Soyinka: This question – the omission of Flora Nwapa, Mabel Segun (nee Imoukhuede) – and do include D.O. Fagunwa, Amos Tutuola, Cyprian Ekwensi, so it is not just a gender affair – is related to the foregoing, and is basically legitimate. JP and I were however paying a tribute to a colleague within a rather closed circle of interaction, of which these others were not members. Finally, and most relevantly, we are language users – this means we routinely apply its techniques. We knew what we were communicating when we placed “pioneer quartet” in – yes! – inverted commas. Some of the media may have removed them; others understood their significance and left them where they belonged.

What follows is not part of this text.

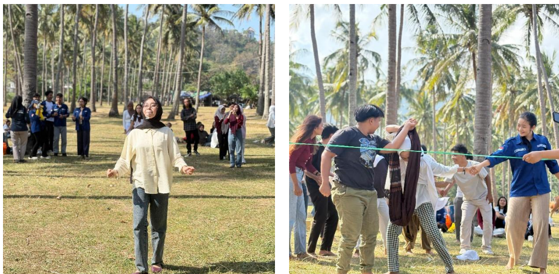
Gambar 3. Kegiatan Lomba

Setelah kegiatan edukasi manajemen bisnis selesai, kegiatan dilanjutkan dengan kegiatan peduli lingkungan. Tim pengabdian dan peserta berkomitmen untuk berkontribusi aktif pada kebersihan lingkungan di Pantai Klui secara umum dan di wilayah UMKM Sate Bulayak secara khusus. Tim dan peserta bahu membahu membersihkan pantai dan Lokasi UMKM dari sampah. Hal ini ditujukan untuk mencegah kerusakan flora dan fauna Pantai Klui yang bisa saja disebabkan oleh sampah sekaligus menciptakan lingkungan yang bersih untuk meningkatkan kualitas pelayanan UMKM Sate Bulayak kepada pengunjung yang datang.

Question: Did you and Achebe have the opportunity to discuss his last book, There Was a Country: A Personal History of Biafra, and its critical reception? What’s your own assessment of There Was a Country? Some critics charged that the book was unduly divisive and diminished Achebe’s image as a nationally beloved writer and intellectual. Should a writer suborn his witness to considerations of fame?

Soyinka: No, Chinua and I never discussed There was a Country. Matter of fact, that aborted visit I mentioned earlier would have been my opportunity to take him on with some friendly fire at that open forum, continuing at his home over a bottle or two, aided and abetted by Christie’s [editor’s note: Achebe’s wife, Professor Christie Achebe] cooking. A stupendous life companion by the way – Christie – deserves a statue erected to her for fortitude and care – on behalf of us all. More of that will emerge, I am sure, as the tributes pour in.

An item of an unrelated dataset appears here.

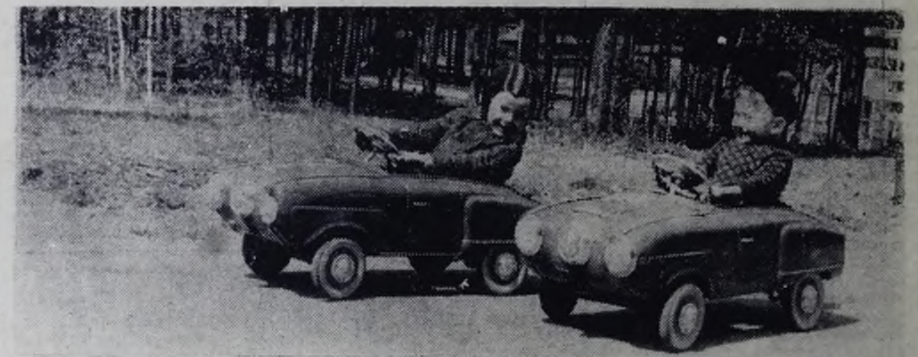
КТО ПЕРВЫМ ПРИДЕТ К ФИНИШУ?

играть во дворе в лапту, другое находится в спортивном коллективе, заниматься физической культурой и спортом под руководством квалифицированных тренеров. В спортклубе ребята имеют богатые возможности тренироваться. Лыжи, бокс, тяжелая и легкая атлетика, борьба, коньки — выбирай по вкусу. Осенью к нам приходят нескладные, угловатые девочки и мальчики. А посмотрите на них через год-два. Стройные, крепкие, с хорошо развитыми мышцами. Для тренировок и соревнований мы пользуемся легкоатлетическим манежем, залами борьбы, бокса, штанги, большим и малым игровыми залами.

Unfortunately, that chance of a last encounter was missed, so I don't really wish to comment on the work at this point. It is however a book I wish he had never written – that is, not in the way it was. There are statements in that work that I wish he had never made.

The saddest part for me was that this work was bound to give joy to sterile literary aspirants like Adewale Maja-Pearce, whose self-published book – self-respecting publishers having rejected his trash – sought to create a “tragedy” out of the relationships among the earlier named “pioneer quartet” and, with meanness aforethought, rubbish them all – WS especially. Chinua got off the lightest. A compendium of outright impudent lies, fish market gossip, unanchored attributions, trendy drivel and name dropping, this is a ghetto tract that tries to pass itself up as a product of research, and has actually succeeded in fooling at least one respectable scholar. For this reason alone, there will be more said, in another place, on that hatchet mission of an inept hustler.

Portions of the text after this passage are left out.